Blockwise Self-Supervised Learning at Scale

Shoaib Ahmed Siddiqui,David Krueger,Yann LeCun,Stéphane Deny
2024-08-11
Abstract:Current state-of-the-art deep networks are all powered by backpropagation. In this paper, we explore alternatives to full backpropagation in the form of blockwise learning rules, leveraging the latest developments in self-supervised learning. We show that a blockwise pretraining procedure consisting of training independently the 4 main blocks of layers of a ResNet-50 with Barlow Twins' loss function at each block performs almost as well as end-to-end backpropagation on ImageNet: a linear probe trained on top of our blockwise pretrained model obtains a top-1 classification accuracy of 70.48%, only 1.1% below the accuracy of an end-to-end pretrained network (71.57% accuracy). We perform extensive experiments to understand the impact of different components within our method and explore a variety of adaptations of self-supervised learning to the blockwise paradigm, building an exhaustive understanding of the critical avenues for scaling local learning rules to large networks, with implications ranging from hardware design to neuroscience.
Computer Vision and Pattern Recognition,Artificial Intelligence,Machine Learning
What problem does this paper attempt to address?

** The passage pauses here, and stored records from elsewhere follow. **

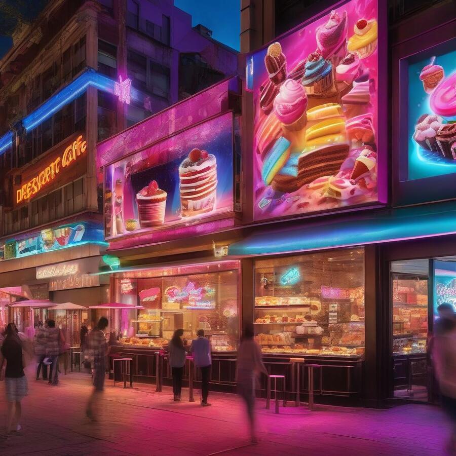 Промпт 2: A vibrant street scene is illuminated by the dazzling lights of a dessert cafe advert, which dominates the skyline with its eye-catching display. Neon signs and LED screens flicker and glow, showcasing tantalizing images of decadent desserts and colorful confections that beckon passersby to indulge in a sweet escape.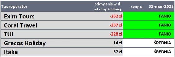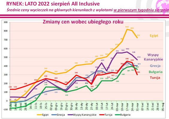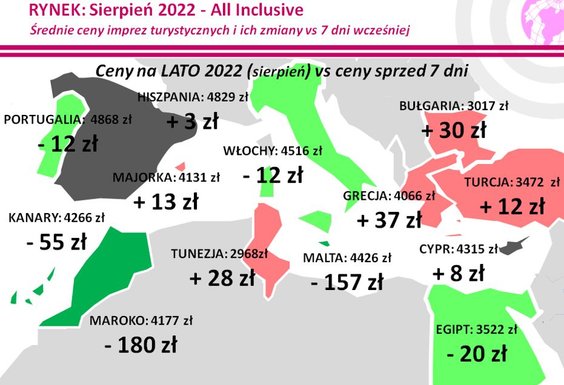 Zmiany cen wycieczek w ostatnim tygodniu obrazuje mapa, a ich przebieg w tym sezonie na najważniejszych kierunkach przedstawia zamieszczony niżej wykres.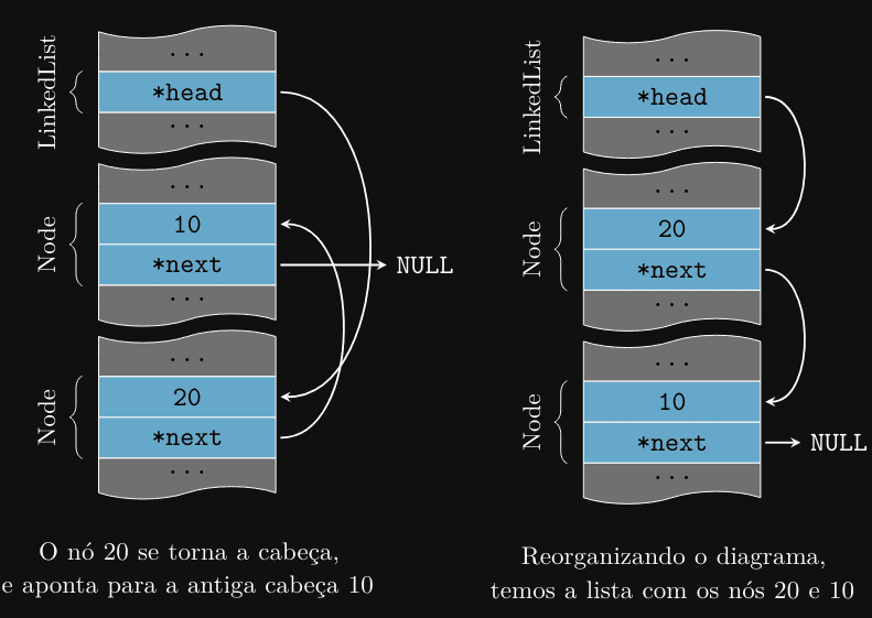 Perceba que a ordem dos elementos é inversa à ordem de inserção, pois inserimos os elementos no início da lista. Vamos ver passo a passo como essa operação é realizada, mas dessa vez do ponto de vista da memória:

The paper attempts to address the problem of using local learning rules instead of end-to-end backpropagation for training deep neural networks on large-scale datasets. Specifically, the paper explores the possibility of training large deep networks through blockwise self-supervised learning methods, aiming to reduce the dependence on long backpropagation paths, thereby improving biological plausibility, reducing energy consumption, and optimizing the training efficiency of large-scale networks. The main contributions of the paper include: 1. Demonstrating that a ResNet-50 model trained using blockwise self-supervised learning methods performs almost on par with a model trained with end-to-end backpropagation on ImageNet, with only about a 1.1% difference in Top-1 classification accuracy. 2. Finding that training all blocks simultaneously (rather than sequentially) is crucial for achieving this performance level, indicating that the forward path facilitates learning interactions between blocks during training. 3. Exploring the impact of different spatial and feature pooling strategies on the outputs of intermediate blocks, discovering that expanding the feature dimensions of block outputs is key to successfully training the network. 4. Evaluating various customized training strategies, such as adjusting the trade-off parameters in the objective function and applying different image distortions to different blocks. Although these strategies did not significantly improve performance in the current experiments, they are considered promising directions for future research. In summary, by introducing the blockwise self-supervised learning method, this paper provides new insights for the effective application of local learning rules on large-scale datasets. This has important implications for understanding the learning mechanisms of the brain, designing more efficient hardware, and developing adaptive computing systems.